Abstract
The underlying mechanisms for Arctic sea ice decline can be categories as those directly related to changes in atmospheric circulations (often referred to as dynamic mechanisms) and the rest (broadly characterized as thermodynamic processes). An attribution analysis based on the self-organizing maps (SOM) method is performed to determine the relative contributions from these two types of mechanisms to the Arctic sea ice decline in August–October during 1979–2016. The daily atmospheric circulations represented by daily 500-hPa geopotential height anomalies are classified into 12 SOM patterns, which portray the spatial structures of the Arctic Oscillation and Arctic Dipole, and their transitions. Due to the counterbalance between the opposite trends among the circulation patterns, the net effect of circulation changes is small, explaining only 1.6% of the declining trend in the number of August–October sea ice days in the Arctic during 1979–2016. The majority of the trend (95.8%) is accounted for by changes in thermodynamic processes not directly related to changes in circulations, whereas for the remaining trend (2.6%) the contributions of circulation and non-circulation changes cannot be distinguished. The sea ice decline is closely associated with surface air temperature increase, which is related to increasing trends in atmospheric water vapor content, downward longwave radiation, and sea surface temperatures over the open ocean, as well as to decreasing trends in surface albedo. An analogous SOM analysis extending seasonal coverage to spring (April–October) for the same period supports the dominating role of thermodynamic forcing in decadal-scale Arctic sea ice loss.
Highlights
Observations in the Arctic Ocean have shown a rapid decline in sea ice extent especially in recent decades[1]
To understand how much the sea ice trends can be explained by changes in atmospheric circulations, we examine the corresponding large-scale circulation patterns, represented by the 500-hPa geopotential height fields, for the same period
The self-organizing maps (SOM) method is utilized to statistically estimate the contributions to the declining trends in the August–October Arctic sea ice cover over the 1979–2016 period from changes in large-scale atmospheric circulations known as dynamic forcing and in other mechanisms not directly related to circulations that are broadly categorized as thermodynamic forcing
Summary
Observations in the Arctic Ocean have shown a rapid decline in sea ice extent especially in recent decades[1]. The predicted rates of sea ice retreat by general circulation models (GCM) under various greenhouse gas emissions scenarios have been, in general, smaller than the observed rates[6], indicating that other mechanisms may have played a role.
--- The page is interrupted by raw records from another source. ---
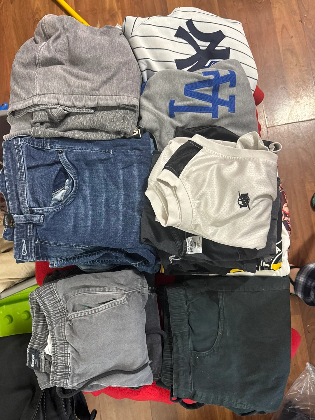 A mixed lot of mens clothing including jeans, shirts, and sweaters.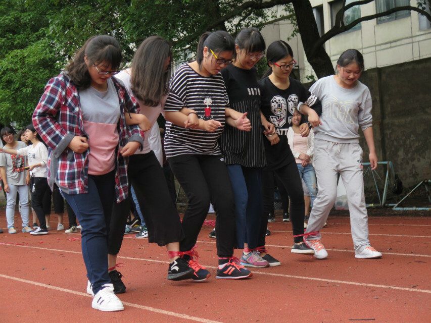 活动共由六个部分组成,会计三个班班长支书各带一队,队员采用随机分组的形式进行比赛。活动期间各组队长和组员一起排兵布阵,各组在体力和脑力上进行较量。在“背媳妇跳绳大战”中,同学们感受到了指压板的“折磨”;通过“圈圈水汪汪”,同学们有了天旋地转的实感;“我们都是多足兽”让各组队员心连心,携手走过终点;“猜猜'我'是谁”更是对各组默契的考验;“坐地起身”则是检验了队员们的柔韧性和协作精神;由于时间问题,没有进行“盲人方阵”的比赛,但本次素质扩展活动在同学们的欢声笑语中圆满结束。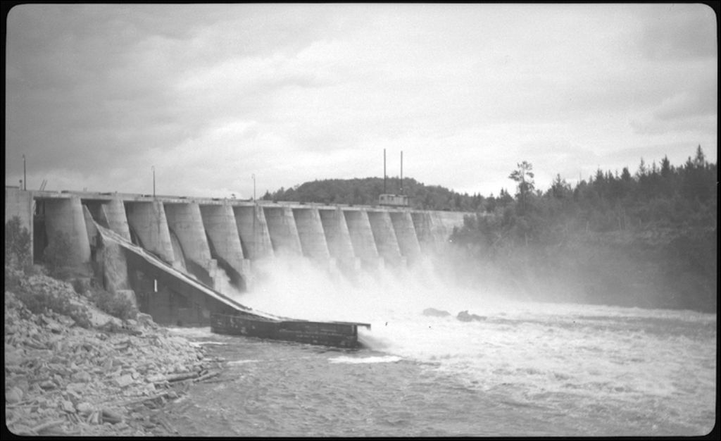 Barrage Bryson vu du glissoir à billots, rivière des Outaouais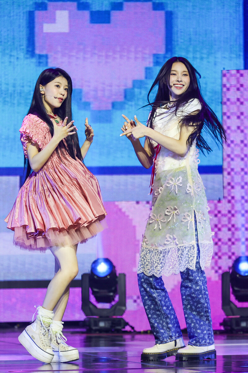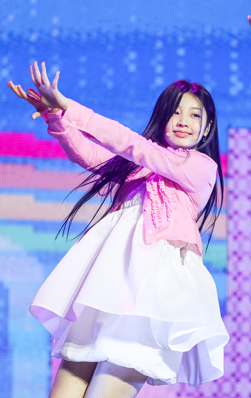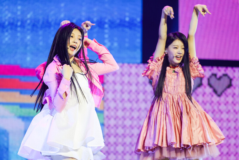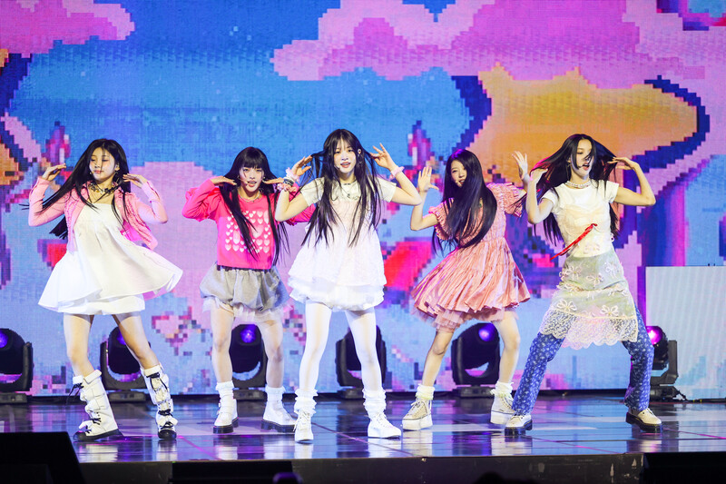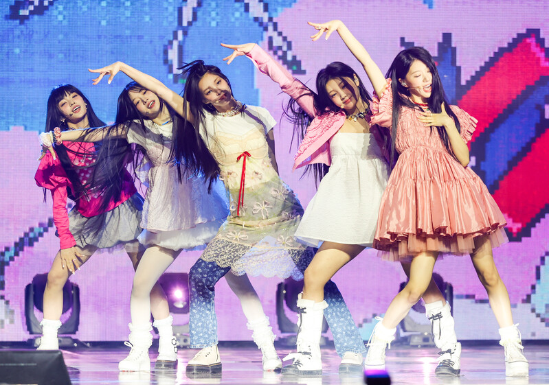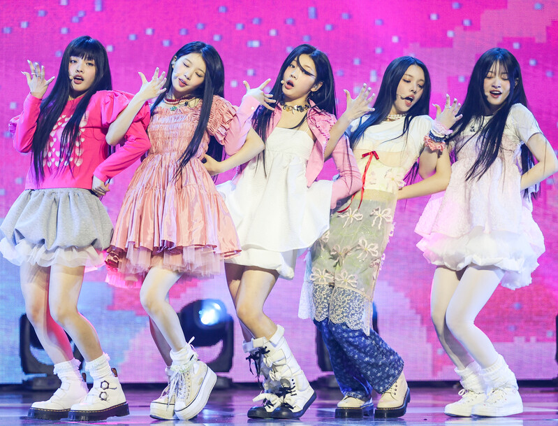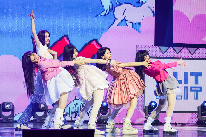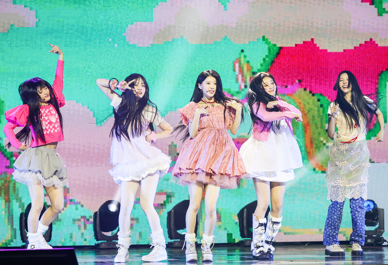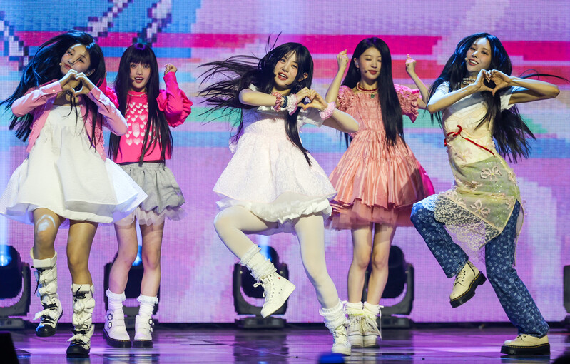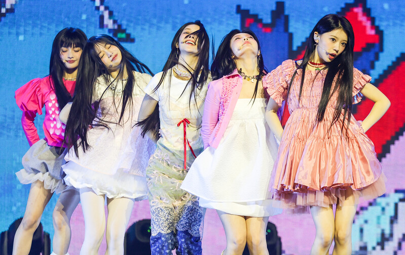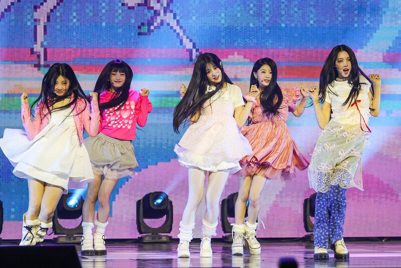 South Korean girl group ILLIT performs during a showcase for the group's debut album "Super Real Me" with title song "Magnetic" in Seoul on March 25, 2024.

One such mechanism is changes in aerosol emissions that, through aerosol-radiation feedback, can contribute to Arctic sea ice loss[7,8]. Estimates of the internal variability from GCMs vary significantly, between 20 and 50% (refs. 19–21), and large discrepancies exist between the observed and GCMsimulated sea ice concentrations[22,23,24] due possibly to a combination of factors, including low sea ice sensitivity to greenhouse gas emissions[25], errors, and uncertainties in sea ice and atmospheric models, and inadequate treatment of sea ice–atmosphere interactions[26,27]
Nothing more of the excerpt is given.